-- THE INPUT follows --

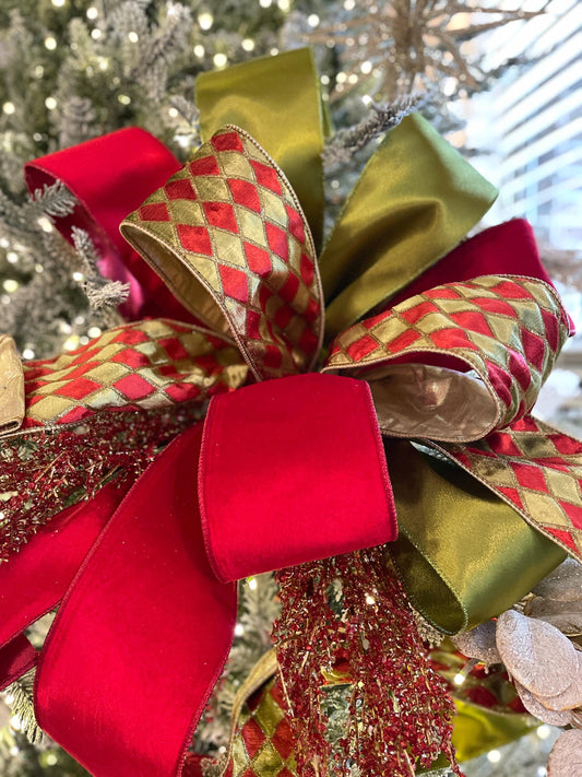 4" Red and Green Harlequin Velvet Ribbon, Christmas Ribbon, Harlequin Ribbon
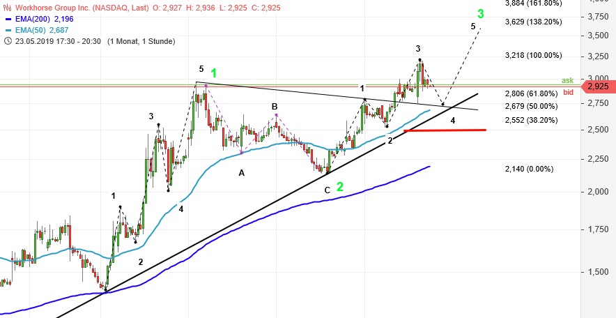 Nun befinden wir uns m.M.n. in der übergeordn­eten Welle 3 und in der kurzfristi­gen Abwärtsbew­egung der Welle 4. Im Bereich $ 2,73/2,67 befindet sich ein Widerstand­scluster aus horizontal­er und diagonaler­ Trendlinie­, sowie dem EMA50h und dem 50% Fibo Retracemen­t.
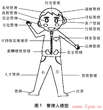 現(xiàn)代市場(chǎng)經(jīng)濟(jì)下的企業(yè)管理,就是帶有知識(shí)經(jīng)濟(jì)、網(wǎng)絡(luò)經(jīng)濟(jì)、信息經(jīng)濟(jì)色彩的企業(yè)管理,就是對(duì)技術(shù)、信息的把握,帶有中西方文化大融合特色對(duì)人的管理。各種管理理論都是管理學(xué)家站在不同角度,用不同語(yǔ)言解讀企業(yè)可持續(xù)發(fā)展規(guī)律的不同層次。而管理人模型(見(jiàn)圖1)就是以人為模板,按照人的幾大系統(tǒng)相互協(xié)作,以人的大腦指揮著兩只腳向目標(biāo)前進(jìn)為基礎(chǔ)。確立“一個(gè)腦袋兩只腳”的管理人模型,就是具有戰(zhàn)略思維的“大腦”,指揮著圍繞市場(chǎng)活動(dòng)的“經(jīng)營(yíng)左腳”,圍繞企業(yè)內(nèi)部的“管理右腳”,帶動(dòng)企業(yè)這個(gè)法人不停地向前走。
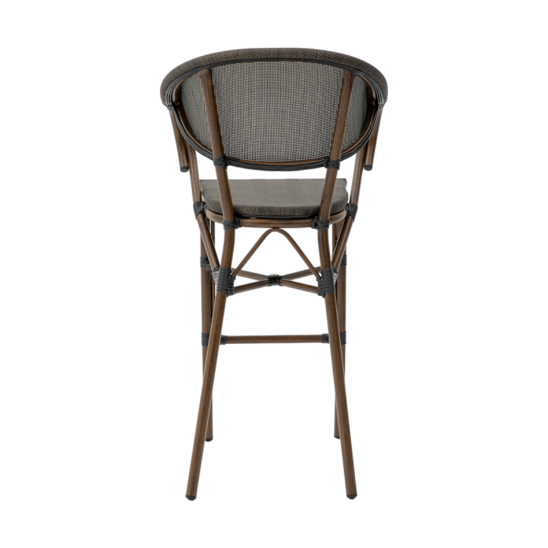 In dieser Variante des CAMILLO BAR wurden Sitz und Rückenlehne aus Technorattan- Geflecht gefertigt, das fest in die Konstruktion integriert ist und eine gleichmäßige, stabile Oberfläche bildet. Diese Ausführung bietet eine komfortable Unterstützung und angenehme Flexibilität, die besonders bei längerer Nutzung wichtig ist. Das feine, dichte Geflecht verleiht dem Stuhl einen eleganten Charakter und ist gleichzeitig für den intensiven Einsatz im Gastronomiebereich ausgelegt. Zusätzlich überzeugt das Material durch seine UV-Beständigkeit.
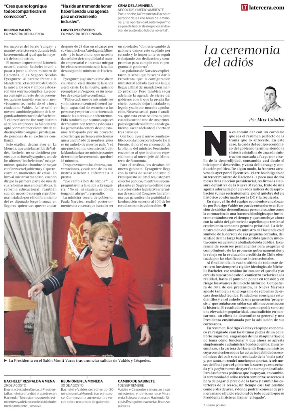Eyzaguirre reemplaza a Valdés en Hacienda y asegura que su prioridad será el crecimiento: “A buen entendedor, pocas palabras” - (El Mercurio de Santiago)
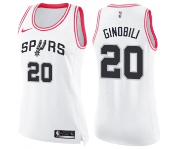 Women's Nike San Antonio Spurs #20 Manu Ginobili Swingman White Pink Fashion NBA Jersey
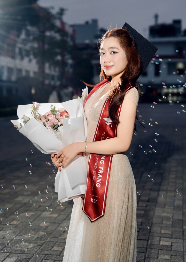 Trong đợt tốt nghiệp năm nay của Trường Đại học Ngoại thương, Lê Hoàng Trang (SN 2004) là một trong những gương mặt tân cử nhân nổi bật của khóa. Nữ lớp trưởng lớp Anh 10 - Kinh tế đối ngoại K61, trường Đại học Ngoại thương vừa tốt nghiệp loại xuất sắc với GPA 3.85/4.0.
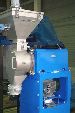 ケーシングに取り付けられた固定刃により、投入原料を破砕する装置です。
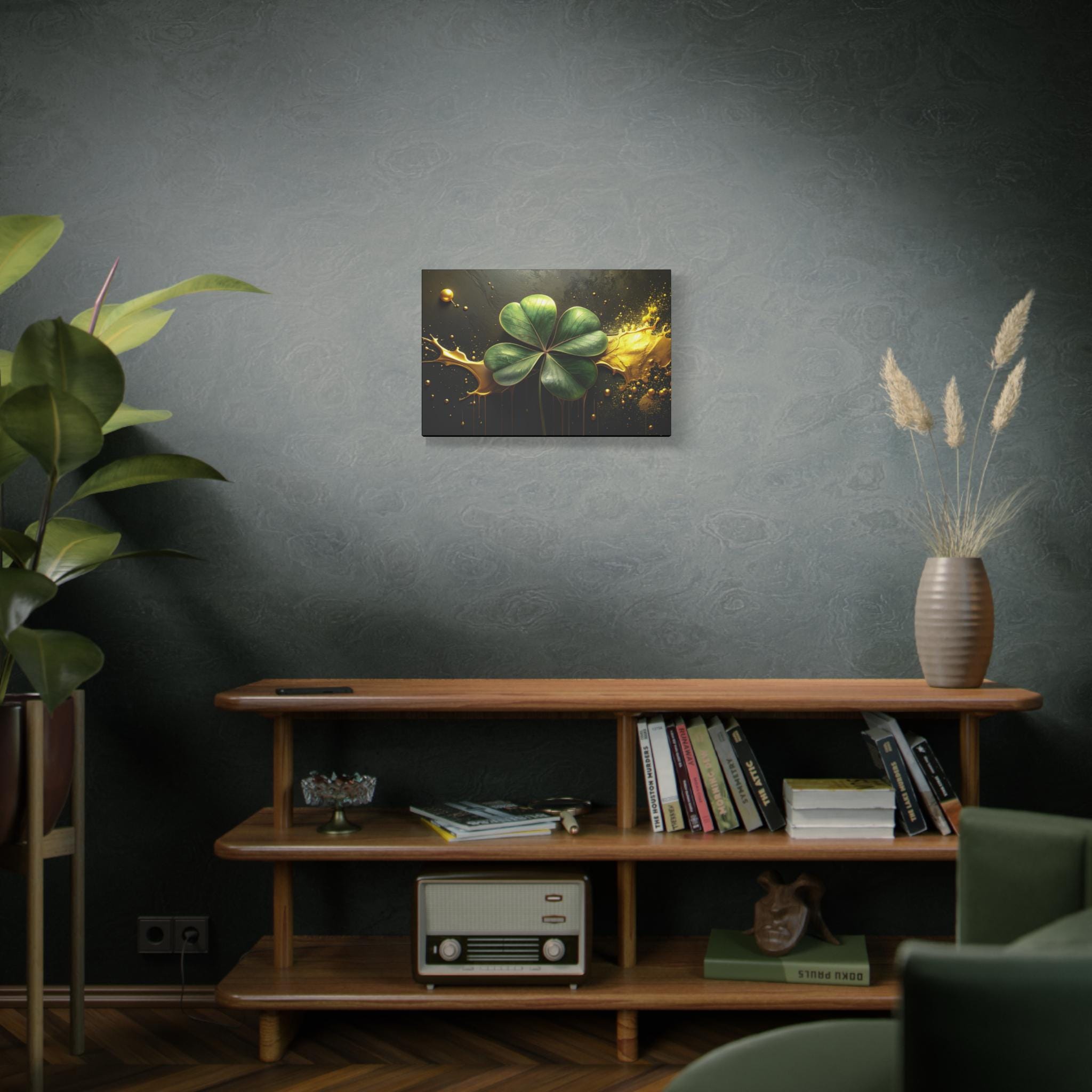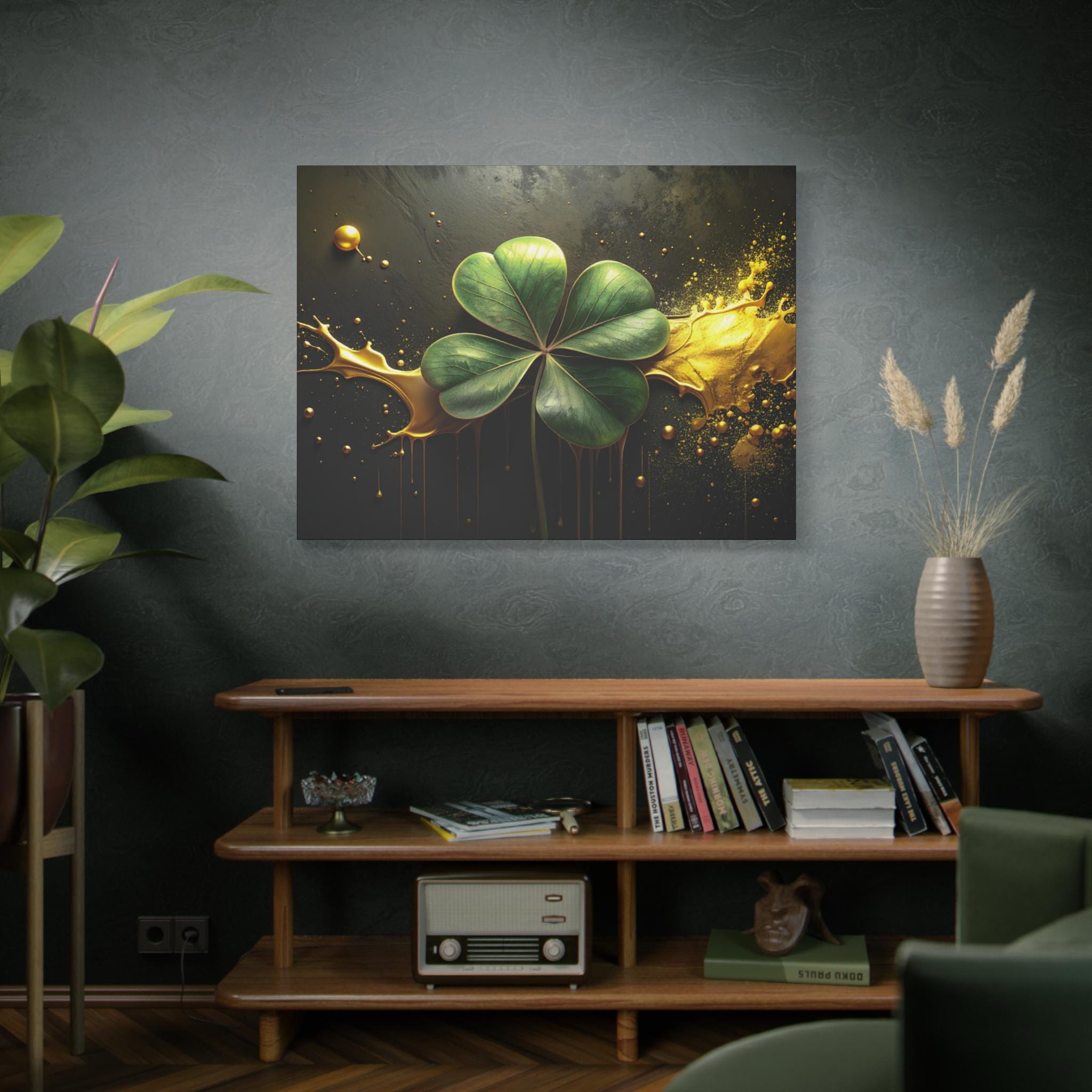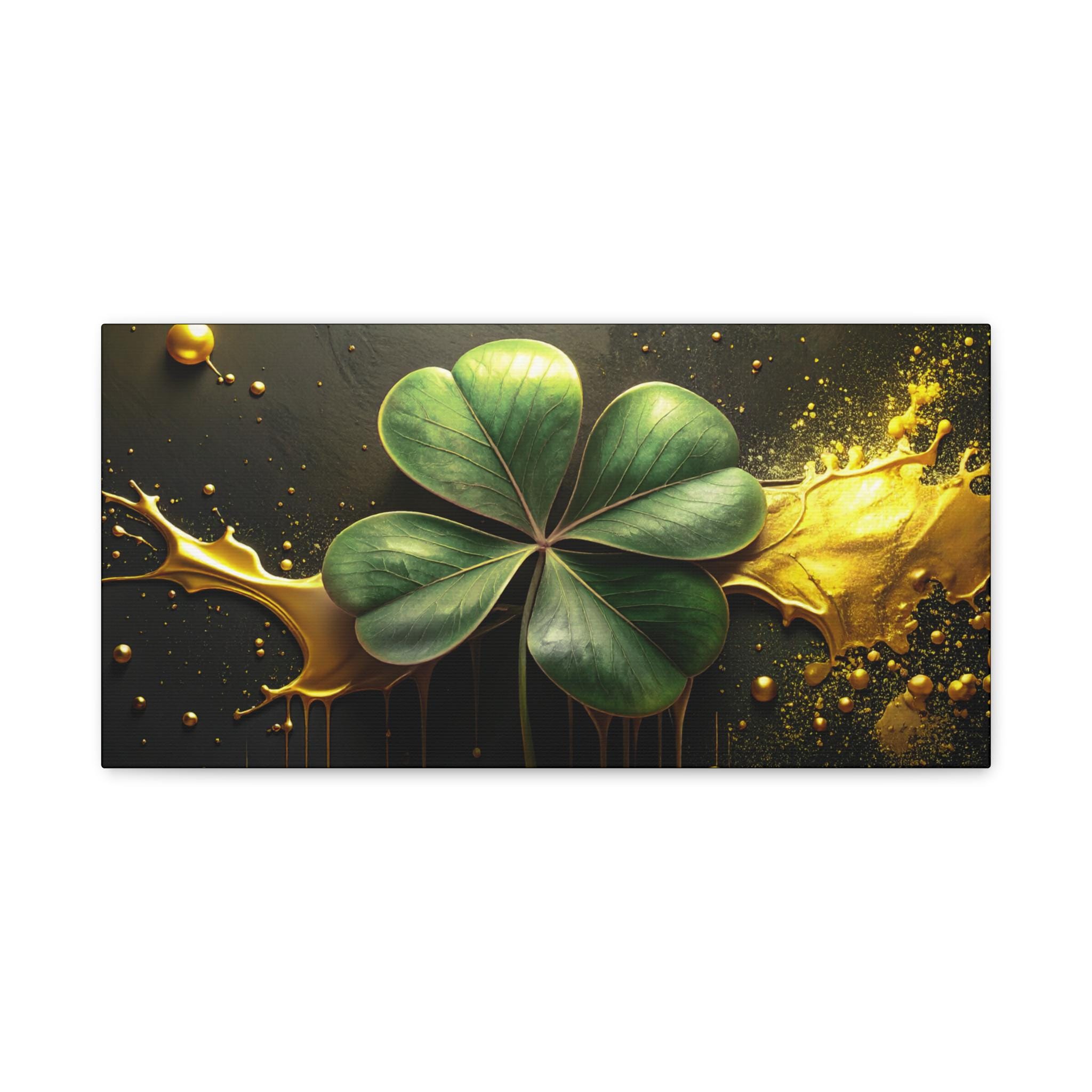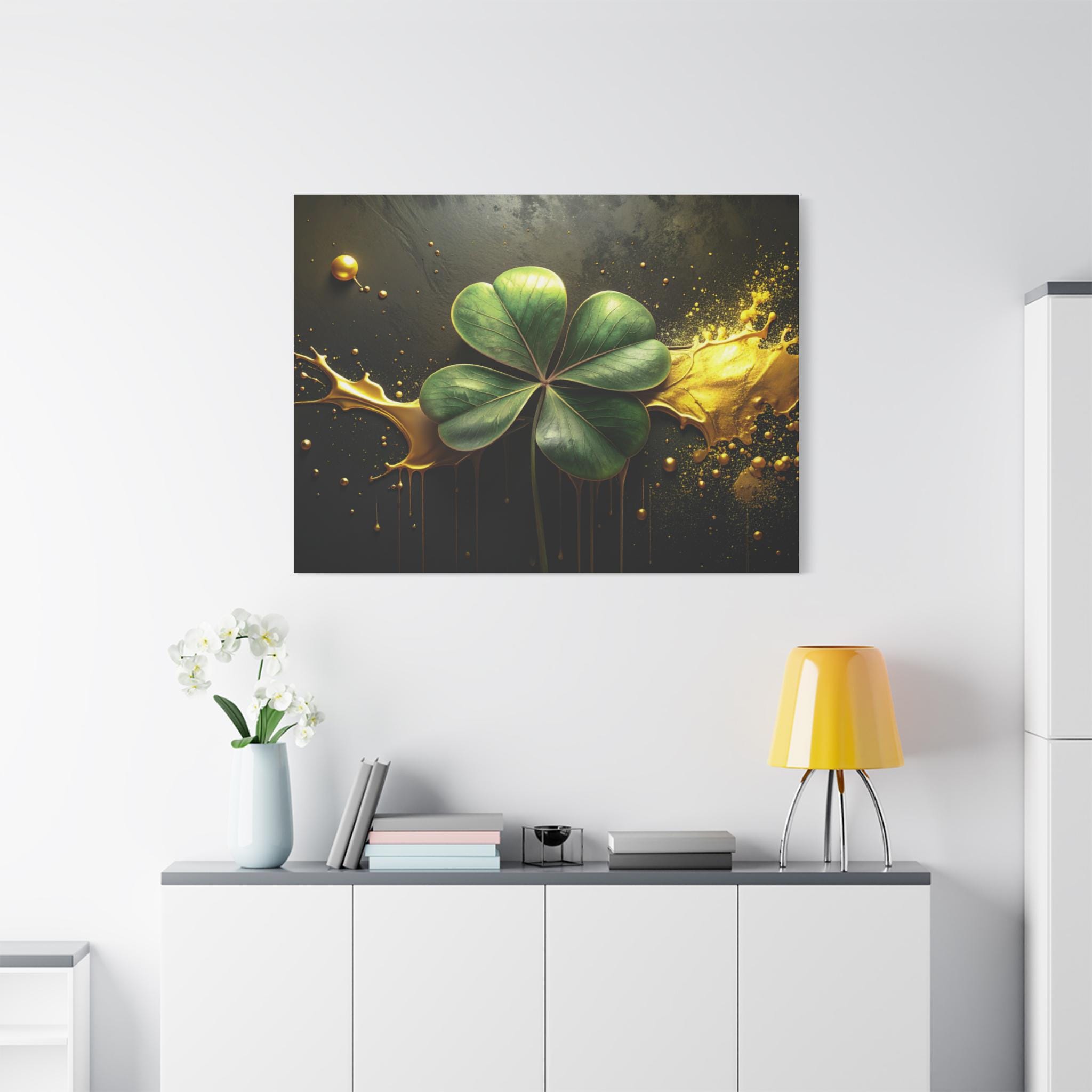 A matte stretched canvas that brings a quiet, elegant moment into any room. Deep charcoal and gold tones cradle a luminous four-leaf clover rendered with painterly detail—each leaf catching light against a moody, textured background. The 1.25" profile gives the piece presence on the wall without overwhelming a space. It hangs securely thanks to soft rubber corner supports and a built-in back hanger, and the image quality stays vivid over time thanks to Greenguard Gold-certified latex inks. This canvas feels like a found treasure—sophisticated, slightly mysterious, and ready to anchor a living room, study, or entryway with subtle symbolism and rich color.
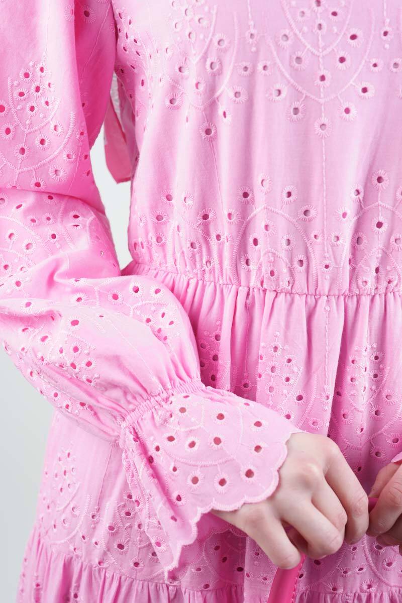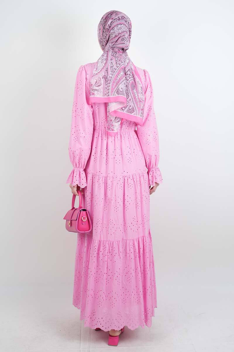 Tesettür Elbise Yarım Düğmeli Kol Fırfırlı Prenses Elbise Pembe
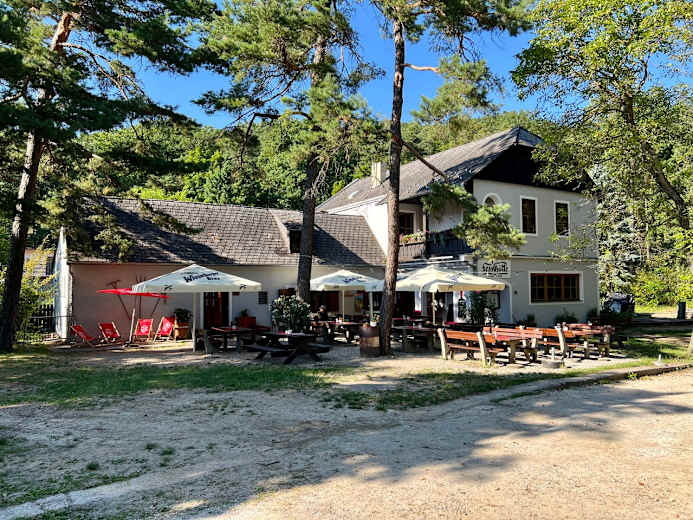 Die Fesslhütte liegt ideal im Schatten der Bäume direkt am Welterbe-Steig Wachau.Foto: Fesslhütte

-- THE INPUT concluded --

__YOUR INSTRUCTIONS__. Restate word for word every line from the one with "Eyzaguirre reemplaza a" up to and including the one with "Trong đợt tốt" in the records above, minus the pictures.

__OUTPUT FOR THIS EXERCISE__.
Eyzaguirre reemplaza a Valdés en Hacienda y asegura que su prioridad será el crecimiento: “A buen entendedor, pocas palabras” - (El Mercurio de Santiago)
 Women's Nike San Antonio Spurs #20 Manu Ginobili Swingman White Pink Fashion NBA Jersey
 Trong đợt tốt nghiệp năm nay của Trường Đại học Ngoại thương, Lê Hoàng Trang (SN 2004) là một trong những gương mặt tân cử nhân nổi bật của khóa. Nữ lớp trưởng lớp Anh 10 - Kinh tế đối ngoại K61, trường Đại học Ngoại thương vừa tốt nghiệp loại xuất sắc với GPA 3.85/4.0.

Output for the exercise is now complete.